Packagistで悪性PHPパッケージ発見、複数OSを標的

悪性PHPパッケージによるクロスプラットフォームRATの脅威

サイバーセキュリティ研究者は、PHPパッケージ管理サービス「Packagist」で公開されていた悪意のあるパッケージを確認した。これらのパッケージはLaravel関連のユーティリティのように見えるが、実際にはWindows、macOS、Linuxで動作するクロスプラットフォーム型のリモートアクセス型トロイの木馬（RAT）を配布する目的で作成されていた。

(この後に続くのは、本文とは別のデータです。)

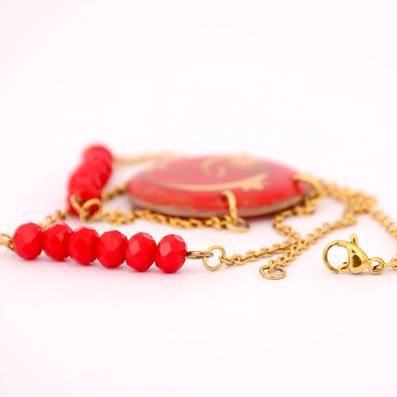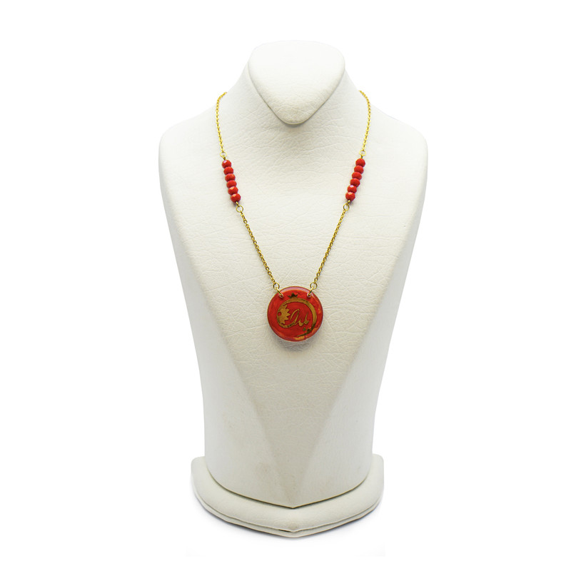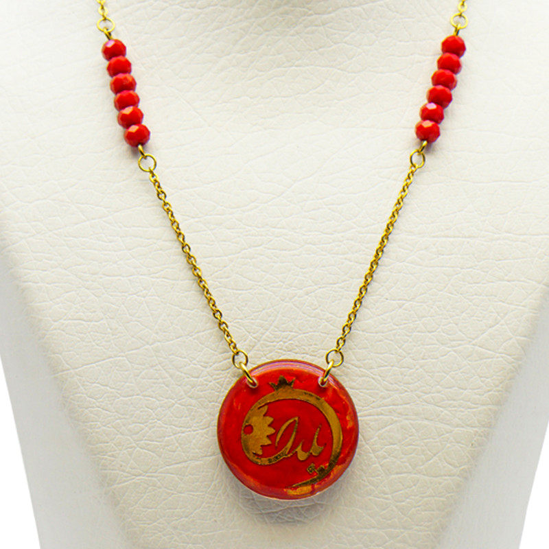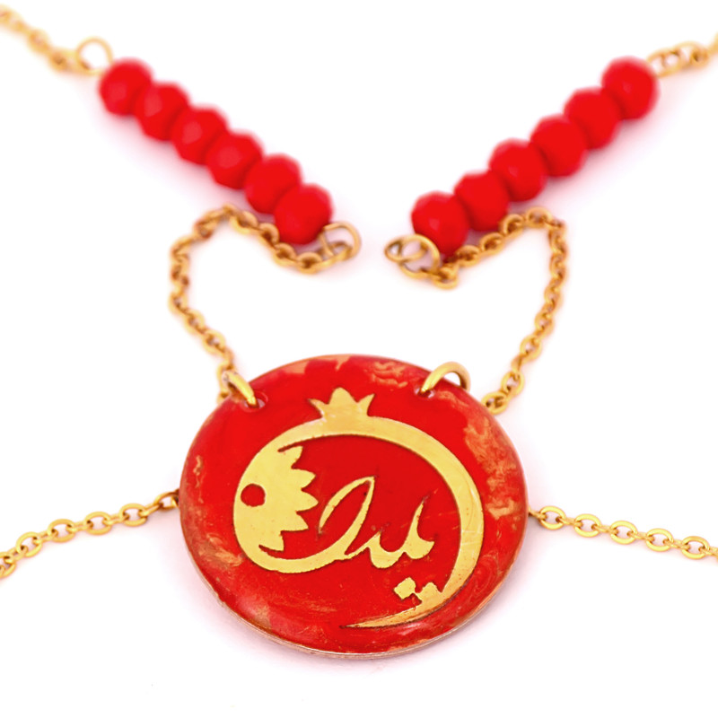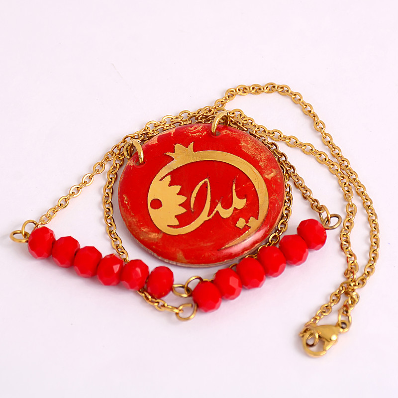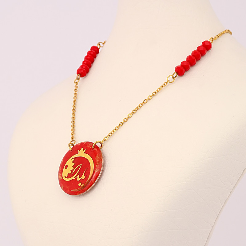 گردنبند طرح یلدا زیوری زیبا، نمادین و چشمنواز است که با استفاده از سنگهای قرمز و آویز دستساز، جلوهای خاص ایجاد میکند. در مرکز گردنبند، آویزی دایرهای قرار دارد که درون آن طرح نوشته یلدا از جنس ورق طلا با ظرافت و دقت کار شده است. برای محافظت و افزایش ماندگاری، این طرح داخل رزین شفاف قرار گرفته تا در برابر خطوخش و رطوبت مقاوم باشد.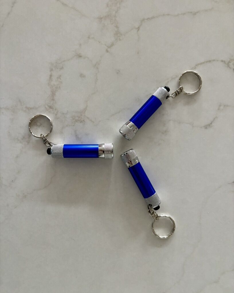 • The blue flashlights take 3 LR44 batteries each; the gunmetal flashlight takes batteries that are LR754 (not included)

問題のパッケージは「nhattuanbl/lara-helper」と「nhattuanbl/simple-queue」で、難読化されたPHPコードを通じてC2サーバー（helper.leuleu.net:2096）と通信する仕組みを持つ。これにより、システム情報の収集、シェルコマンドの実行、スクリーンショット取得、ファイルのアップロード／ダウンロードなどの操作が可能になるとされる。

また「nhattuanbl/lara-swagger」は依存関係として「nhattuanbl/lara-helper」を含んでおり、開発者が通常のパッケージとして導入した場合でも、結果としてRATが環境内に導入される可能性がある。攻撃者は信頼できるパッケージを装うことで、開発者の環境に不正アクセスすることを狙っていたとみられる。

対策としては、第三者パッケージの導入前に信頼性を十分に確認することが重要とされる。すでに該当パッケージを導入している場合は削除するとともに、関連する資格情報の変更やネットワーク通信の監査を実施することが推奨される。

今回の事例は、オープンソースエコシステムにおけるソフトウェアサプライチェーンリスクを改めて示すものとなった。開発者や組織には、依存パッケージの管理と継続的な監視体制の強化が求められている。